▶ **Work to complete**: Make an exact copy of the listing, without images.

▶ **Data section**:
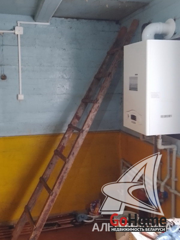 Коммуникации: отопление - газовый котел и твердотопливный, газ - централизованный (в доме), водоснабжение - централизованное, электричество - централизованное.
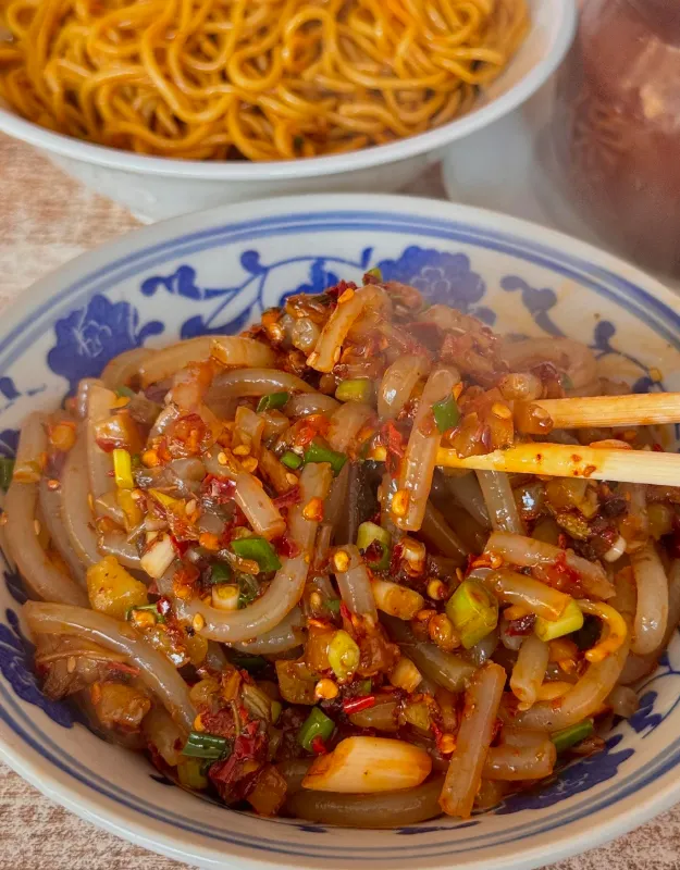 我最常点的是冷粉。做法不复杂,米浆蒸成薄片,切成条,浇上蒜水、酱油、醋,再来一勺辣椒油,撒点葱花和花生碎。关键是那口“凉”和“滑”,先把火气按下去,再让辣味慢慢追上来。
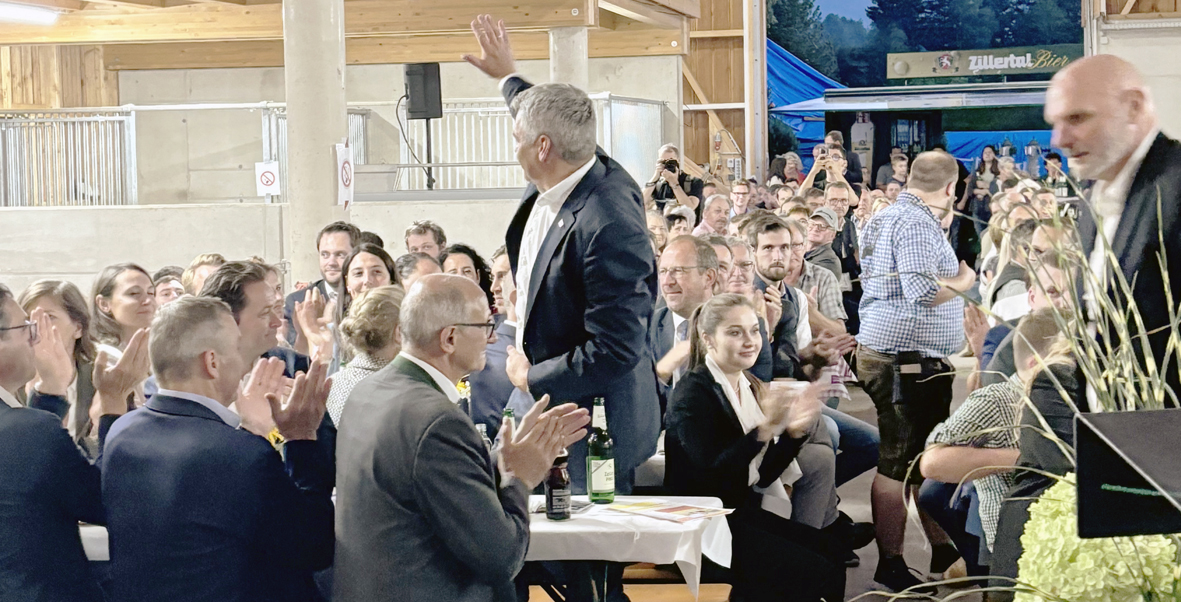 Landwirtschaftsminister Norbert Totschnig brachte die Wichtigkeit starker bäuerlicher Interessensvertreter auf allen politischen Ebenen zur Sprache. In diesem Zusammenhang lobte er auch den Einsatz von Bundeskanzler Karl Nehammer für die heimische Landwirtschaft: „Karl Nehammer hat ein offenes Ohr für die Anliegen der heimischen Bauernfamilien und steht für eine produzierende flächendeckende Landwirtschaft in Österreich ein. Dabei findet auch die Berglandwirtschaft, beispielsweise in der Ausgestaltung der GAP (Gemeinsame Agrarpolitik) besondere Berücksichtigung, um eine Chancengerechtigkeit für das Berggebiet zu schaffen", so Totschnig. „Mein Ziel ist es, dass wir auch in 20 Jahren noch eine wettbewerbsfähige, nachhaltige und aktive Land- und Forstwirtschaft in einem vitalen, ländlichen Raum haben. Dazu brauchen die Bäuerinnen und Bauern verlässliche Unterstützung und müssen auch in der kommenden Bundesregierung vertreten sein. Die Volkspartei ist die Partei der Mitte und die einzige Partei, die sich konsequent für die Bevölkerung im Land einsetzt. Wir setzen auf Anreize anstatt Verbote, wir stehen für Leistung und ein klares Bekenntnis zur heimischen Land- und Forstwirtschaft", so Norbert Totschnig zu den anwesenden Bäuerinnen und Bauern. Er betonte den Stellenwert einer starken bäuerlichen Interessensvertretung auf allen Ebenen: „Das kann uns nur gelingen, wenn wir zusammenhalten."
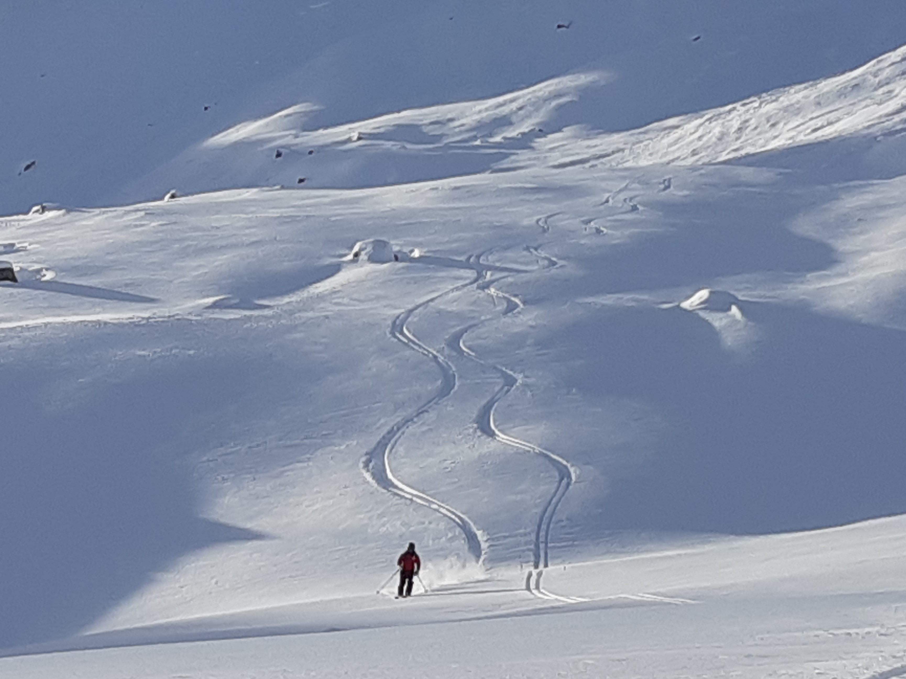 There has been some good touring. Here at the Col de Bréona, with 1500m of descent on gentle angles to les Hauderes.

▶ **Task answer**:
 Коммуникации: отопление - газовый котел и твердотопливный, газ - централизованный (в доме), водоснабжение - централизованное, электричество - централизованное.
 我最常点的是冷粉。做法不复杂,米浆蒸成薄片,切成条,浇上蒜水、酱油、醋,再来一勺辣椒油,撒点葱花和花生碎。关键是那口“凉”和“滑”,先把火气按下去,再让辣味慢慢追上来。
 Landwirtschaftsminister Norbert Totschnig brachte die Wichtigkeit starker bäuerlicher Interessensvertreter auf allen politischen Ebenen zur Sprache. In diesem Zusammenhang lobte er auch den Einsatz von Bundeskanzler Karl Nehammer für die heimische Landwirtschaft: „Karl Nehammer hat ein offenes Ohr für die Anliegen der heimischen Bauernfamilien und steht für eine produzierende flächendeckende Landwirtschaft in Österreich ein. Dabei findet auch die Berglandwirtschaft, beispielsweise in der Ausgestaltung der GAP (Gemeinsame Agrarpolitik) besondere Berücksichtigung, um eine Chancengerechtigkeit für das Berggebiet zu schaffen", so Totschnig. „Mein Ziel ist es, dass wir auch in 20 Jahren noch eine wettbewerbsfähige, nachhaltige und aktive Land- und Forstwirtschaft in einem vitalen, ländlichen Raum haben. Dazu brauchen die Bäuerinnen und Bauern verlässliche Unterstützung und müssen auch in der kommenden Bundesregierung vertreten sein. Die Volkspartei ist die Partei der Mitte und die einzige Partei, die sich konsequent für die Bevölkerung im Land einsetzt. Wir setzen auf Anreize anstatt Verbote, wir stehen für Leistung und ein klares Bekenntnis zur heimischen Land- und Forstwirtschaft", so Norbert Totschnig zu den anwesenden Bäuerinnen und Bauern. Er betonte den Stellenwert einer starken bäuerlichen Interessensvertretung auf allen Ebenen: „Das kann uns nur gelingen, wenn wir zusammenhalten."
 There has been some good touring. Here at the Col de Bréona, with 1500m of descent on gentle angles to les Hauderes.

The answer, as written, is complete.